Même si la très grande majorité de la bourgeoisie canadienne préférait Clinton, une petite, mais importante minorité a accueilli la victoire de Trump, parce qu'il défend un programme de vastes baisses d'impôt pour les sociétés et les riches, de privatisations et de déréglementations. Kevin Libin du Financial Post a d'ailleurs publié un commentaire intitulé: «Réjouis-toi, Canada, le président Donald Trump pourrait bien être bon pour toi.» («Cheer up, Canada, President Donald Trump just might be good for you»)

La victoire de Trump a été accueillie par une grande section du Parti conservateur, qui est actuellement en pleine course à la direction pour trouver un remplaçant à l'ex-premier ministre Stephen Harper. Kellie Leitch, une droitiste qui s'est fait connaître dans le gouvernement précédent pour ses positions contre les immigrants, incluant la demande que soit créée une ligne téléphonique de dénonciation des «pratiques barbares», se présente comme la Trump canadienne.

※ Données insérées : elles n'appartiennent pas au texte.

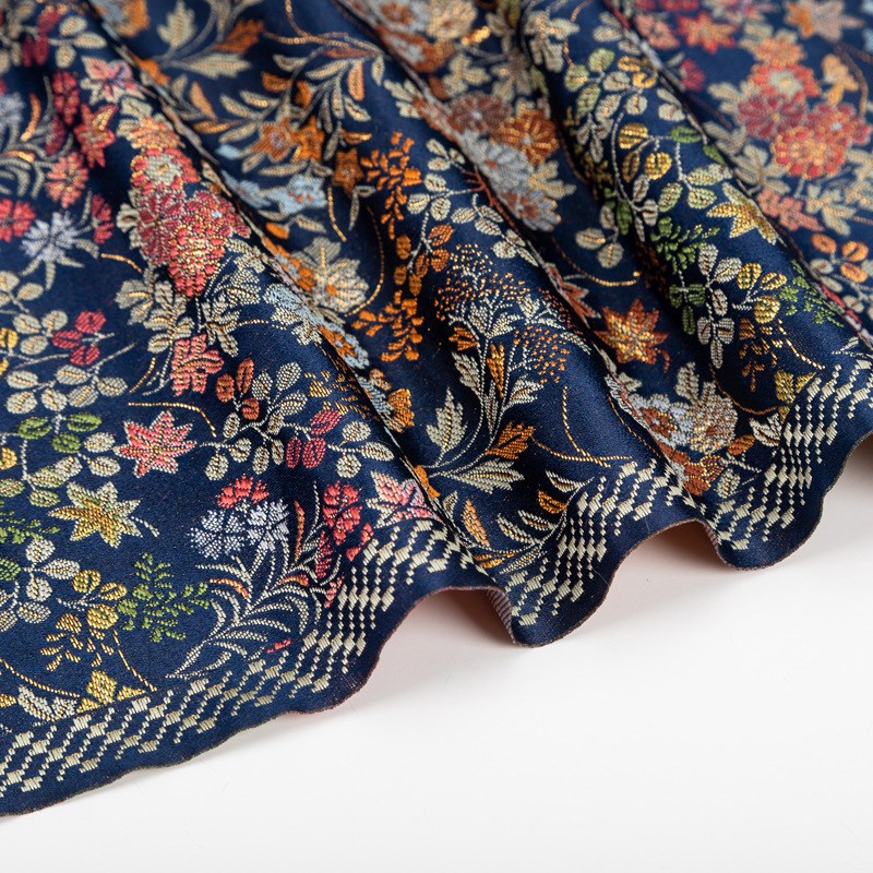 雏菊刺绣花布小卒花织锦缎和风西阵织布料出口织金
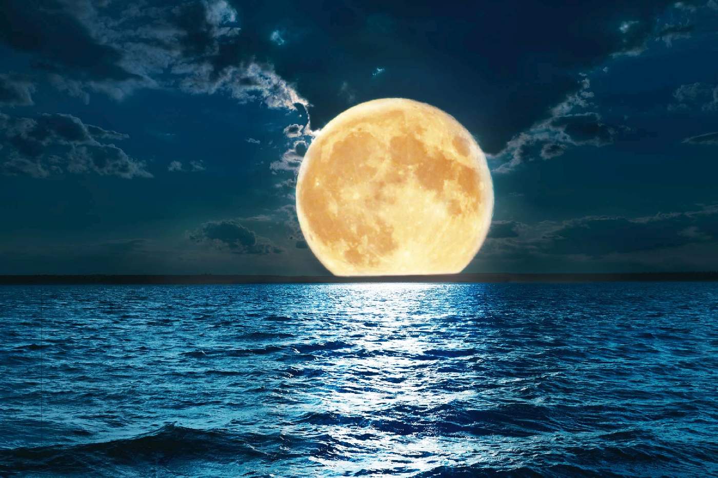 MS-5-2308 Fototapetă vlies pentru perete Lună plină peste apă - 375 x 250 cm

Leitch préconise la sélection des nouveaux immigrants selon leur respect des «valeurs canadiennes».

La chef conservatrice par intérim Rona Ambrose, qui a tenté d'adopter un ton plus modéré, a aussi accueilli la victoire des républicains, affirmant que cela ouvrait la voie à la reprise du projet d'oléoduc Keystone XL. Ambrose a exhorté Trudeau, qui appuie aussi le projet, à en faire une priorité, étant donné qu'il a maintenant l'appui du prochain président et du Congrès républicain.